• [Exercise goal] Repeat every record below exactly, omitting any pictures.

====

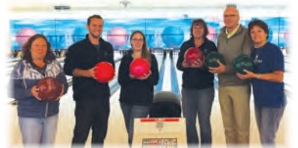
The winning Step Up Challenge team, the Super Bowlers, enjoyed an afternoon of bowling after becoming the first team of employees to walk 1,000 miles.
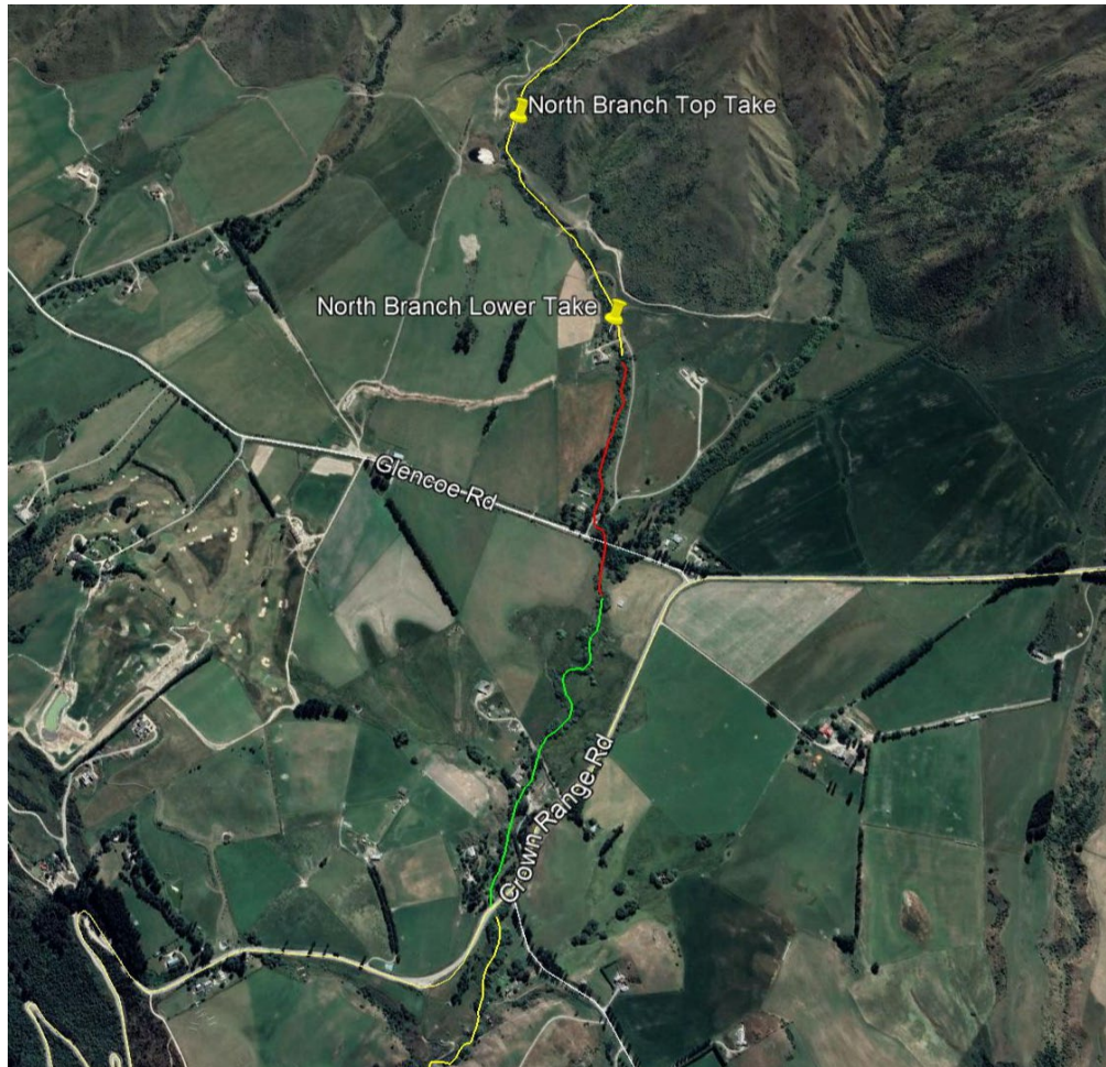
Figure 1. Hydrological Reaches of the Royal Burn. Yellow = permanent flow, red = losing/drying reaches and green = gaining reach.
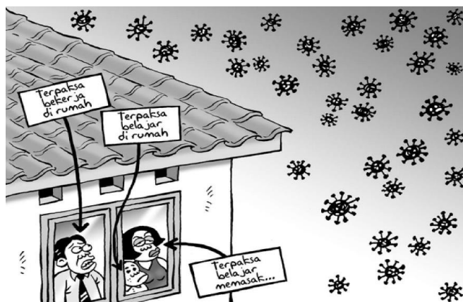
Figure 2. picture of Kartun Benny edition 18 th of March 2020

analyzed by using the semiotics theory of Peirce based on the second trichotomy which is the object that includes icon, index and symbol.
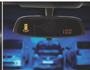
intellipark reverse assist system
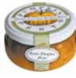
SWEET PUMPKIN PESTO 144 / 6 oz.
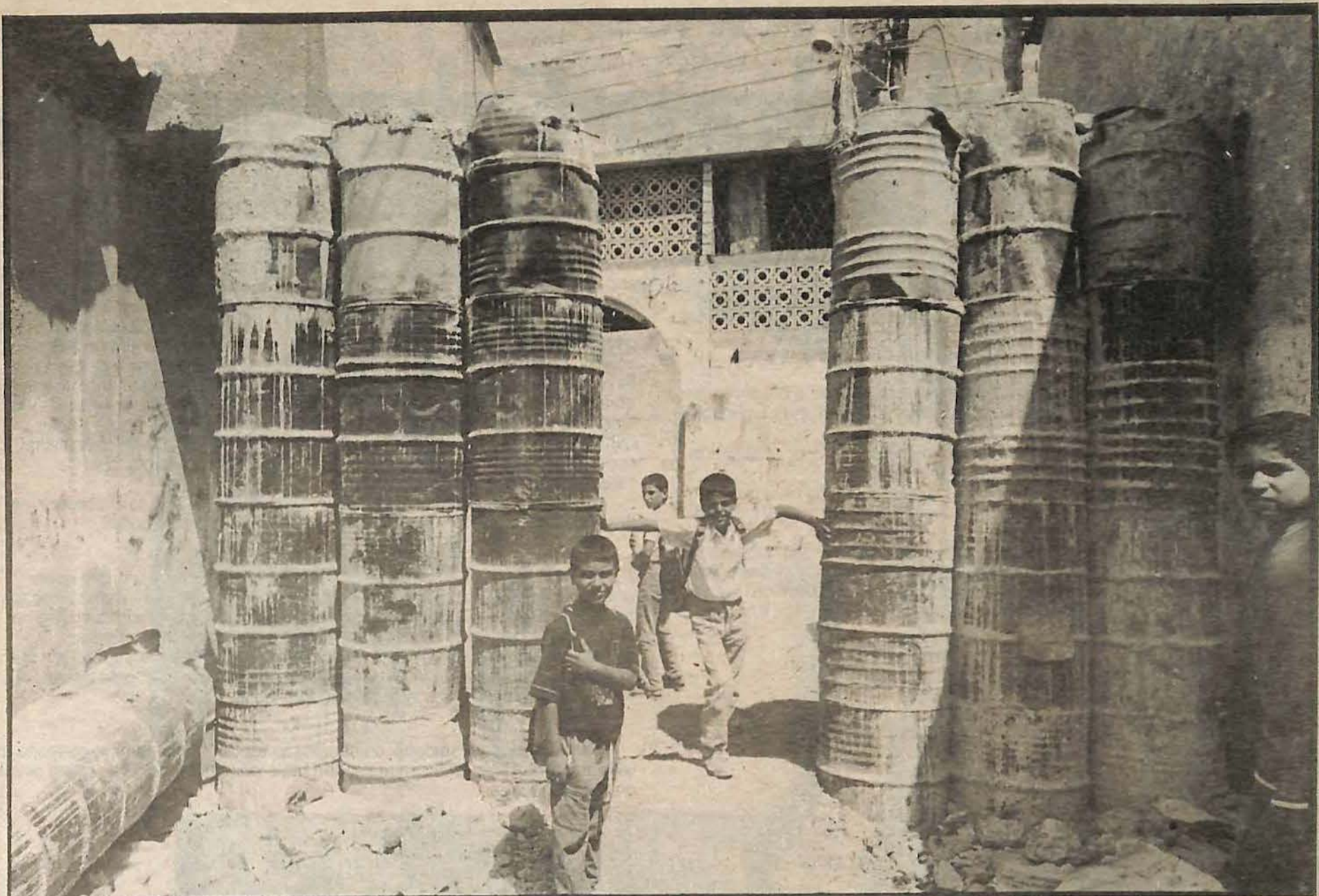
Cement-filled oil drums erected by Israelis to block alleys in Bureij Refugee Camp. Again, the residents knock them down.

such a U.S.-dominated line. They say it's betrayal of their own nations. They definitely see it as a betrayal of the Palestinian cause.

====

• [Your solution]
The winning Step Up Challenge team, the Super Bowlers, enjoyed an afternoon of bowling after becoming the first team of employees to walk 1,000 miles.
Figure 1. Hydrological Reaches of the Royal Burn. Yellow = permanent flow, red = losing/drying reaches and green = gaining reach.
Figure 2. picture of Kartun Benny edition 18 th of March 2020

analyzed by using the semiotics theory of Peirce based on the second trichotomy which is the object that includes icon, index and symbol.
intellipark reverse assist system
SWEET PUMPKIN PESTO 144 / 6 oz.
Cement-filled oil drums erected by Israelis to block alleys in Bureij Refugee Camp. Again, the residents knock them down.

such a U.S.-dominated line. They say it's betrayal of their own nations. They definitely see it as a betrayal of the Palestinian cause.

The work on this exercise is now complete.